Data extract:
>>>

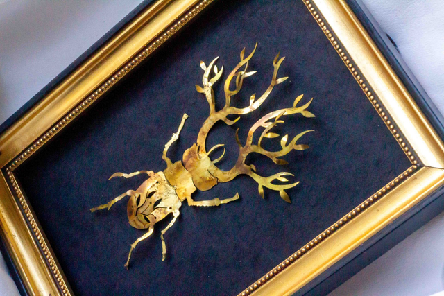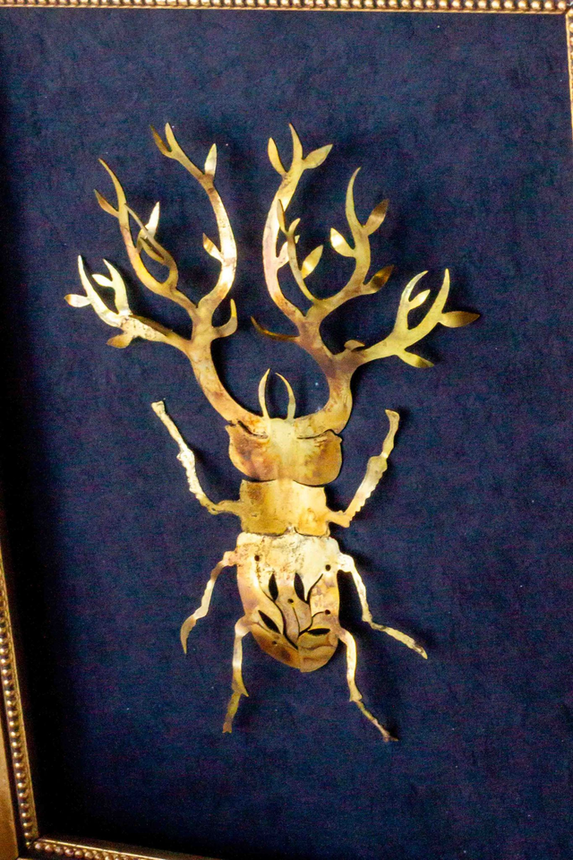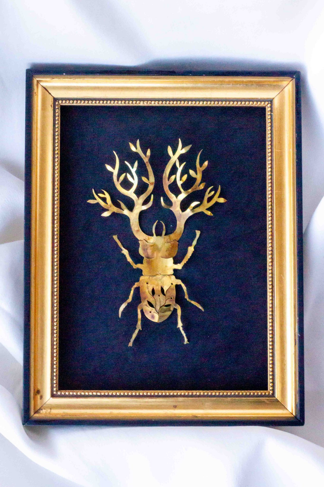 Illustration en laiton dessinée et découpée à la main. Oxydation sans produit chimique . Cadre ovale ancien en bois doré.
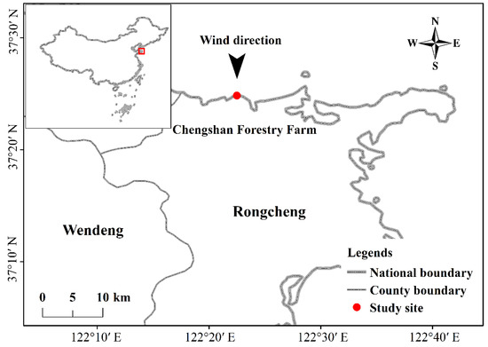 The Japanese Black Pine, Pinus thunbergii Parl., native of eastern Asia, is adapted to coastal high salt and windy environments [23,24]. Our experimental site is located at Chengshan Forestry Farm (122.31° E, 37.23° N) in Shandong Province (Figure 1). The farm has 833 ha of pure P. thunbergii plantation with homogeneous age (60-year) and density (2 × 2 m) in coastal flat beach. The study area has a continental monsoon climate with average annual temperature of 11.4 °C and average annual precipitation of 793.2 mm. The prevailing wind direction is north, and soil type is infertile sandy soil.
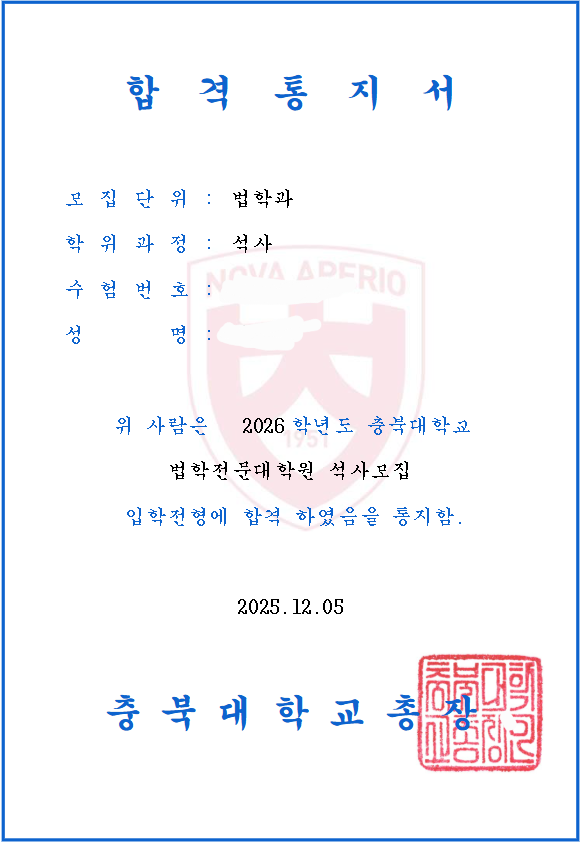 합격 소감 3년의 수험생활 끝에 합격할수 있어 다행입니다. 비인가 법대 복전에 학점도 낮지만 리트를 끌어올려서 어떻게든 최초합을 이뤄냈습니다. 학점이 높았다면 영어를 잘했다면 하는 아쉬움이 있기는 하지만 2년간 쳐다보지 못한 학교로 가는것이 기쁩니다 시기별/과목별 리트 학습법 [ ] << 사용한 책 1. 기출문제 (유형별 기출이 아니라 그냥 n개년) [메가로스쿨 기출문제 해설집] 첫회독 때는 언어이해: 지문당/ 추리논증: 문제당 으로 풀며, 시간보다 유형에 익숙해지는 연습 (이미 유형에 익숙하다면 언어이해: 지문당 7분/추리논증: 문제당 3분). 주의할 점: 오답은 분석하는 것이 아니라 틀린 이유와 근거를 보고 느낌을 가져간 다음 기억에서 지우도록 바로 넘어감. 그래야 다음번에 기출 풀때 새로운 느낌으로 다시 한번 마주할 수 있음 (기억의 습작 방지) +옛날 기출은 1지문에 3문제가 아닌 지문도 있기에 시간 잴떄 주의 2. 유형문제집 (n제) [언어이해: 메가로스쿨 유형별문제집/ 추리논증: 법률저널 the400제 추리논증] 여기서는 시간 카운팅 하면서 연습 (시간은 위와 동일), 최대한 시간에 맞춰서 할 수 있는 최선을 다하는 연습 (ex. 언어이해에서 글이 잘 안읽히는 주제라면 <보기> 문제는 버리고 2문제라도 맞추는 연습 등) 3. 실전모의고사 +기출 회독 (프린트해서) [법률저널 전국모의고사, 법률저널 봉투모의고사, 메가로스쿨 파이널실전모의...] 하루에 기출 1세트 실모 1세트씩 풀었음. 초반에는 언어이해는 3지문 20분/ 추리논증은 10문제 30분으로 나눠서 연습. 이후 집중력 훈련을 위해 70분/120분으로 시간 늘려가며 연습. 실모는 2회독 해보는것도 좋기에 (낯선 문제 경험) 스캔 떠서 프린트해서 1번 풀고 2주정도 후에 시험지에 다시 한번 풀어보는 것도 도움됨 자소서, 면접 준비 방법 자소서는 그냥 피드백 받으며 계속 써나갔고, 구체화에 노력을 많이 했습니다. 디테일하게 이 수업에서 뭘 보고 느꼈는지를 작성했으며, 봉사 하나도 의미있는 경험으로 녹여내려 노력했습니다. 면접은 면접스터디를 주2회, 직전에는 주4회로 연습했습니다. 후배들에게 하고 싶은 말 비인가 법대나 저학벌, 저학점, 저영어 분들도 리트가 125 이상이면 충분히 갈 학교가 있습니다. 리트 적성은 아무도 모르는 일이기에 학벌이나 학점이 낮아도 포기하지 마시고 도전하셔서 적성을 확인하고 로입 도전을 하셨으면 좋겠습니다

<<<

Work item:
Write out the material above exactly. Skip the pictures.

Task answer:
 Illustration en laiton dessinée et découpée à la main. Oxydation sans produit chimique . Cadre ovale ancien en bois doré.
 The Japanese Black Pine, Pinus thunbergii Parl., native of eastern Asia, is adapted to coastal high salt and windy environments [23,24]. Our experimental site is located at Chengshan Forestry Farm (122.31° E, 37.23° N) in Shandong Province (Figure 1). The farm has 833 ha of pure P. thunbergii plantation with homogeneous age (60-year) and density (2 × 2 m) in coastal flat beach. The study area has a continental monsoon climate with average annual temperature of 11.4 °C and average annual precipitation of 793.2 mm. The prevailing wind direction is north, and soil type is infertile sandy soil.
 합격 소감 3년의 수험생활 끝에 합격할수 있어 다행입니다. 비인가 법대 복전에 학점도 낮지만 리트를 끌어올려서 어떻게든 최초합을 이뤄냈습니다. 학점이 높았다면 영어를 잘했다면 하는 아쉬움이 있기는 하지만 2년간 쳐다보지 못한 학교로 가는것이 기쁩니다 시기별/과목별 리트 학습법 [ ] << 사용한 책 1. 기출문제 (유형별 기출이 아니라 그냥 n개년) [메가로스쿨 기출문제 해설집] 첫회독 때는 언어이해: 지문당/ 추리논증: 문제당 으로 풀며, 시간보다 유형에 익숙해지는 연습 (이미 유형에 익숙하다면 언어이해: 지문당 7분/추리논증: 문제당 3분). 주의할 점: 오답은 분석하는 것이 아니라 틀린 이유와 근거를 보고 느낌을 가져간 다음 기억에서 지우도록 바로 넘어감. 그래야 다음번에 기출 풀때 새로운 느낌으로 다시 한번 마주할 수 있음 (기억의 습작 방지) +옛날 기출은 1지문에 3문제가 아닌 지문도 있기에 시간 잴떄 주의 2. 유형문제집 (n제) [언어이해: 메가로스쿨 유형별문제집/ 추리논증: 법률저널 the400제 추리논증] 여기서는 시간 카운팅 하면서 연습 (시간은 위와 동일), 최대한 시간에 맞춰서 할 수 있는 최선을 다하는 연습 (ex. 언어이해에서 글이 잘 안읽히는 주제라면 <보기> 문제는 버리고 2문제라도 맞추는 연습 등) 3. 실전모의고사 +기출 회독 (프린트해서) [법률저널 전국모의고사, 법률저널 봉투모의고사, 메가로스쿨 파이널실전모의...] 하루에 기출 1세트 실모 1세트씩 풀었음. 초반에는 언어이해는 3지문 20분/ 추리논증은 10문제 30분으로 나눠서 연습. 이후 집중력 훈련을 위해 70분/120분으로 시간 늘려가며 연습. 실모는 2회독 해보는것도 좋기에 (낯선 문제 경험) 스캔 떠서 프린트해서 1번 풀고 2주정도 후에 시험지에 다시 한번 풀어보는 것도 도움됨 자소서, 면접 준비 방법 자소서는 그냥 피드백 받으며 계속 써나갔고, 구체화에 노력을 많이 했습니다. 디테일하게 이 수업에서 뭘 보고 느꼈는지를 작성했으며, 봉사 하나도 의미있는 경험으로 녹여내려 노력했습니다. 면접은 면접스터디를 주2회, 직전에는 주4회로 연습했습니다. 후배들에게 하고 싶은 말 비인가 법대나 저학벌, 저학점, 저영어 분들도 리트가 125 이상이면 충분히 갈 학교가 있습니다. 리트 적성은 아무도 모르는 일이기에 학벌이나 학점이 낮아도 포기하지 마시고 도전하셔서 적성을 확인하고 로입 도전을 하셨으면 좋겠습니다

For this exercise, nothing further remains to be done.